3話 元王様はパンツが見えても気にしない ★
「お…おいしい…!」
ヤコブの手料理を一口食べるなり目を輝かせるダビデ。
今日は魚をバターで焼いたのだがハーブを使い臭みを消しているためとても美味しい仕上がりとなっている。
外側はカリッとし中はふっくらと柔らかい。小麦粉をつけて焼くことで旨みを閉じ込めている。
レモンを使ったバターソースもさっぱりしながら濃厚な味で淡白な魚に合い絶品だった。
よほどお腹が空いていたのかダビデはあっという間に平らげてしまった。
「おかわりもあるぞ?たくさん食べてくれ」
と言うと嬉しそうな表情を浮かべて再び食べ始めたのだった。
借りた家で2人で暮らし始め数日が経った。
互いに協力し合い順調に共同生活を送れていることに対し満足感を抱いていたわけだが、一つだけ問題があったーー
***
今日も魔物討伐のため森に来ていた。
最近この辺りの森では頻繁に異変が起きているようで生態系に変化が生じているようだ。
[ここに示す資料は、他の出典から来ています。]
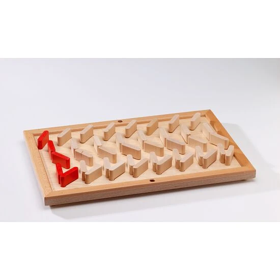 Übung 2 „Ausrichten: Auf dem Grundbrett sind die Fähnchen willkürlich eingesteckt. Jetzt werden die roten Fähnchen als Vorgabe ausgerichtet und das Kind richtet die anderen Fähnchen Zeile für Zeile danach aus. Zur Steigerung der Anforderung kann die Raum-Lage später auch diktiert werden, z.B. „Richte dein Fähnchen so aus, dass das Fahnenende nach links unten zeigt“.

その原因を探るための調査も兼ねての依頼である。
「ここら辺には特に変わった様子はないな」
「ええ、確かに気配はあるんですが……」
辺りを見回しながら歩いていくうちに大きな木の前に辿り着いた時のことだ。
突然頭上から何かが降ってきたかと思うとそれは目の前に着地した。
そこにいたのは巨大な猪のような生き物であった。
全身が赤く硬そうな鱗に覆われており牙が大きく鋭い歯が並んでいるのがわかるほどだった。明らかに通常の個体とは異なる様子であり警戒を強めることにした。
「私が引きつけます!その隙に攻撃してください」
ダビデは素早い判断で指示をすると剣を構え突撃していった。
猪はその巨体からは想像できないほどの速さで突進を仕掛けてきたものの、彼女はそれを難なくかわすと背後に回り込んだところで跳躍した。
(あっ………)
その時ヤコブの視界に入ったのは、裾から見えるダビデのパンツであった。しかもお尻の部分が丸見えの状態である。
ヤコブは慌てて目を逸らそうとするが逆に釘付けになってしまった。
というのも彼女の尻はとても美しく魅力的だったからだ。思わず見惚れてしまいそうになるほど綺麗な形をしていると思ったのである。
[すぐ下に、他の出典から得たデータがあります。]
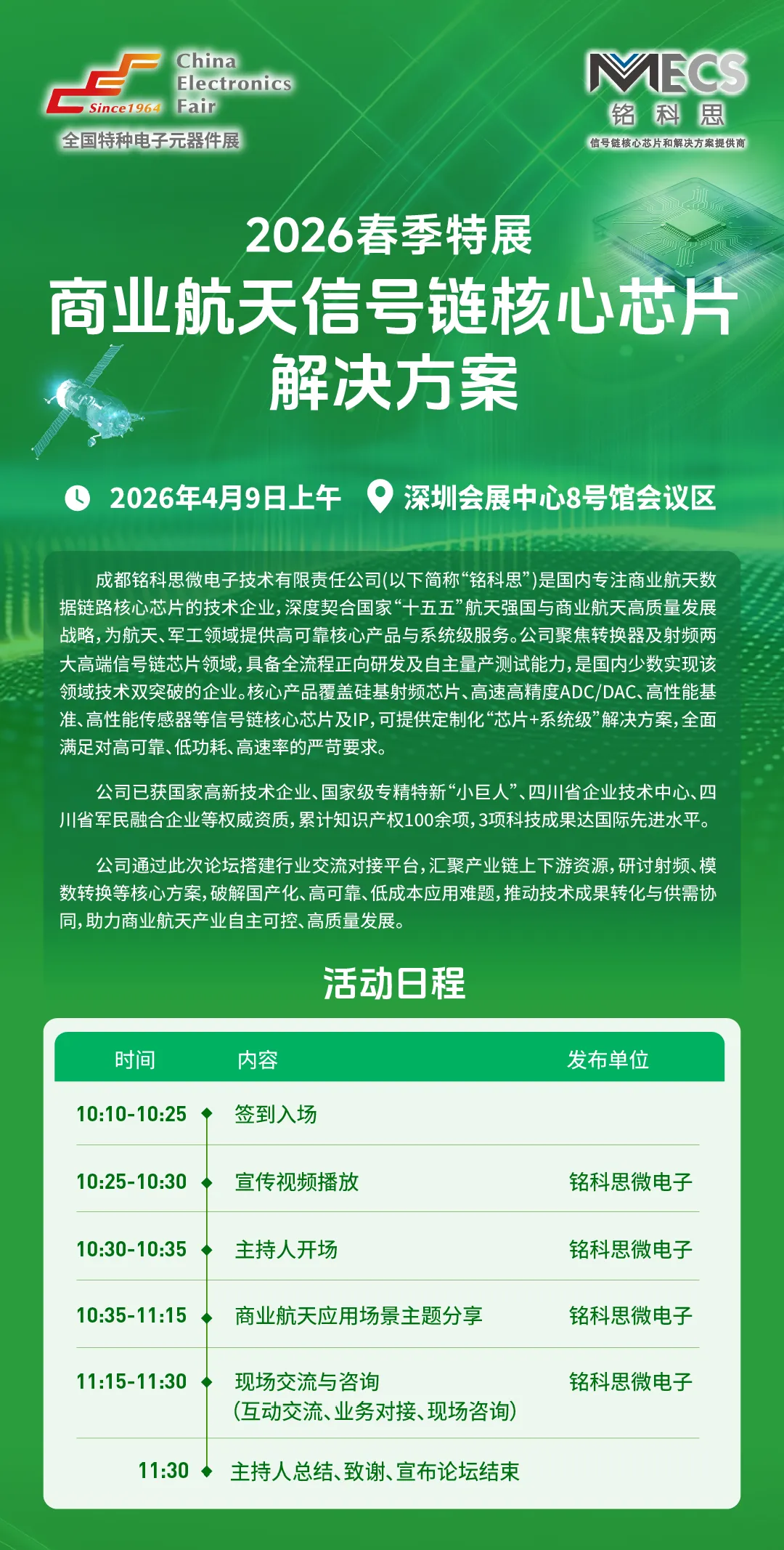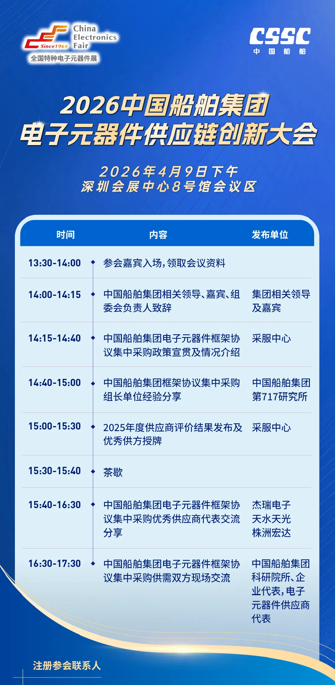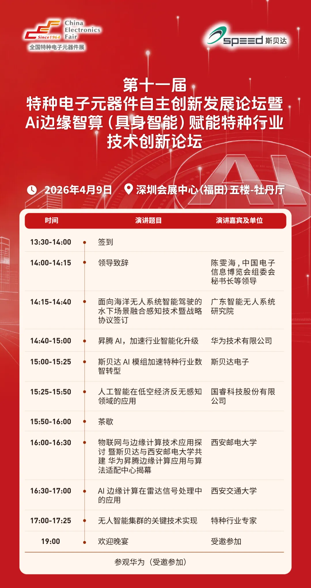 为进一步丰富展会内容,提升展会质量,展会组委会还精心策划组织了四场系列论坛和供需对接活动,其中有4月9号下午在8号馆会议区召开的重点供需对接活动“2026中国船舶集团电子元器件供应链创新大会”,有4月9日下午在深圳会展中心五楼牡丹厅举办的主题论坛“第十一届特种电子元器件自主创新发展论坛暨Ai边缘智算(具身智能)赋能特种行业技术创新”,同期还有新品发布会、特种电子上市公司闭门会等多场形式多样的供需对接活动等。

そして下着は清楚な白であり男なら誰しも好きになってしまうようなデザインをしていることに気付かされた。
(いかん!今は戦わねば!!)
ヤコブは魔物に剣を振り下ろすと同時に邪念を振り払い戦闘に集中することにした。
それから数分後ーー なんとか倒すことができたようだった。
勝つことができほっと胸を撫で下ろす。
するとダビデが駆け寄ってきたので労いの言葉をかけることにする。
「お疲れ様だったな。怪我はないか?」
「はい。大丈夫です」
「な…なあダビデ。その服だが…丈が短いんじゃないか?」
「え?そうでしょうか?動きやすくていいと思いますけど?」
きょとんとした顔で答える彼女を見て苦笑するしかなかった。
どうも本人は下着が見えることを気にしてないらしいので注意するのはやめておくことにしようと決めたのだ。
(こんな調子でこの子と2人で暮らすなんてできるんだろうか……?)
そんな心配を抱きつつも仕事を再開するべく移動を始めることにした。
彼は魔物や悪者との戦いだけでなく、性欲との戦いにすでに身を投じていることに気付いていなかった……。